Over the last two decades, the idea of a two-state solution has become a
persistent theme in the discourse on the Palestinians-Israeli conflict.
In 1993, when the Oslo Accords were signed, there was a prevalent view
that the creation of an independent Palestinian state was only a matter
of time. Although the Accords never explicitly said this - indeed they
indicated no specific end point - it did not deter most Palestinians and
others from this view. Now, nearly nine years later and despite the
changes on the ground, the official Palestinian position with regard to
an independent state remains the same. It has in fact been reinforced by
European and US support, verbally at least, and now represents the
established view about the ultimate aim of Palestinian aspirations.

The history of the Palestinian state originates with the Palestine
National Council (PNC) decision taken in 1974 to establish a Palestinian
"authority" on any liberated part of the Palestinian homeland. This was
later defined to mean statehood and since then, the Palestinian
leadership has consistently aimed for an independent state, to be set up
in the West Bank and Gaza with East Jerusalem as its capital.

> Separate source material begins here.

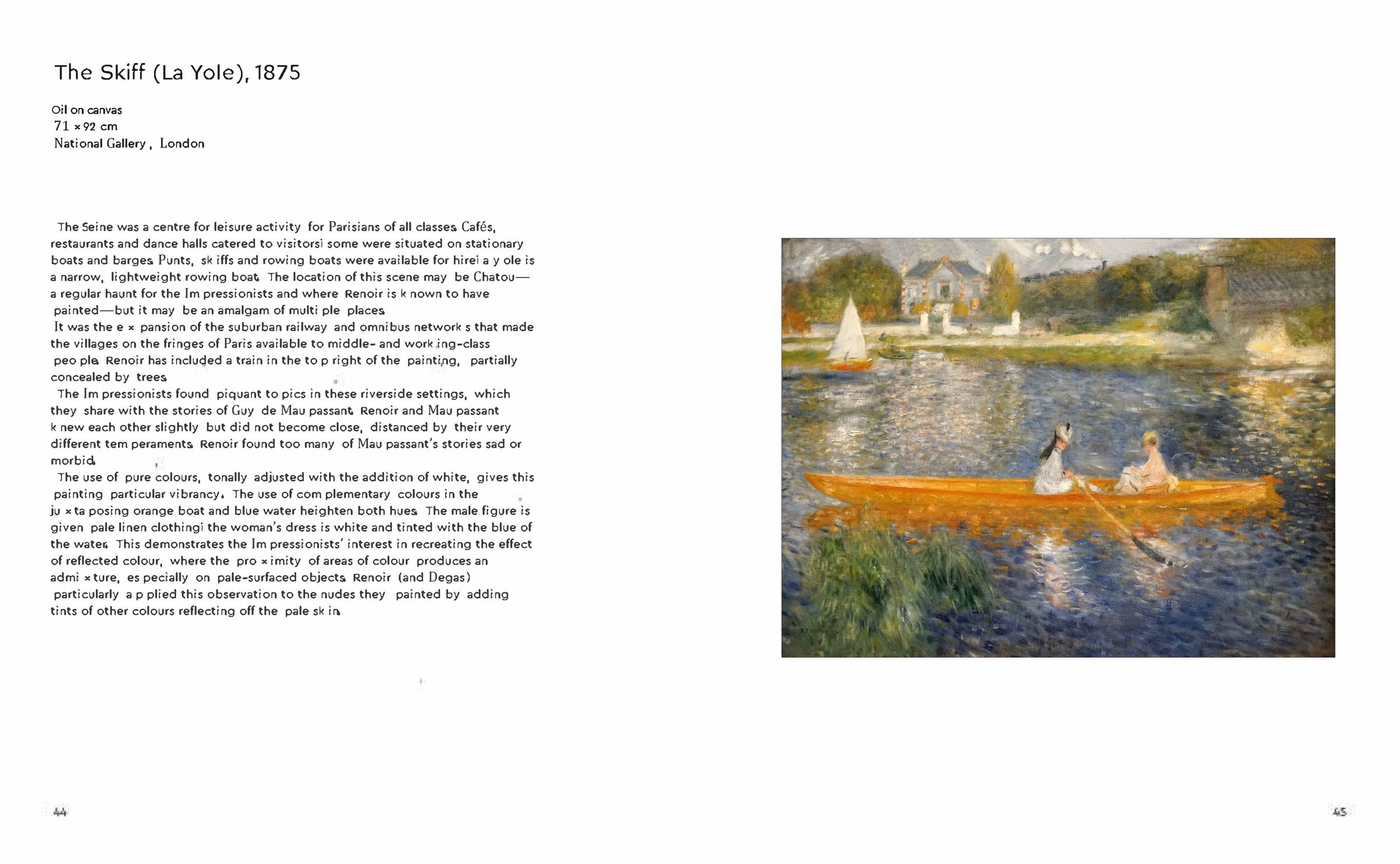 Elegantly produced and inviting to browse, the book presents a vibrant sequence of Renoir's most important works, offering an engaging point of entry into one of Impressionism's defining careers. His art thrives on warmth, atmosphere, and the physical presence of people in motion, and these pages trace how he transformed fleeting sensation into a language of color, touch, and light that reshaped modern painting. Fifty-five essential works chart the emergence of his vision and its evolution over time. Among the highlights are Boating on the Seine , Two Sisters , Dance at Bougival , and La Grenouillère, each accompanied by perceptive commentary that clarifies Renoir's evolving technique and the cultural forces shaping his subjects, from the rise of urban leisure to changing ideas of modernity, intimacy, and social display in 19th-century Paris.

The Arab
League accepted "Palestine" as a member state in 1976. In November 1988,
the PNC meeting in Algiers formally accepted the existence of two
separate states, Israel and the new Palestine.

In 1997, Yasser Arafat announced that the PLO would declare the
establishment of an independent Palestinian state on May 4 1999. Though
this never happened, he has been reiterating this position ever since.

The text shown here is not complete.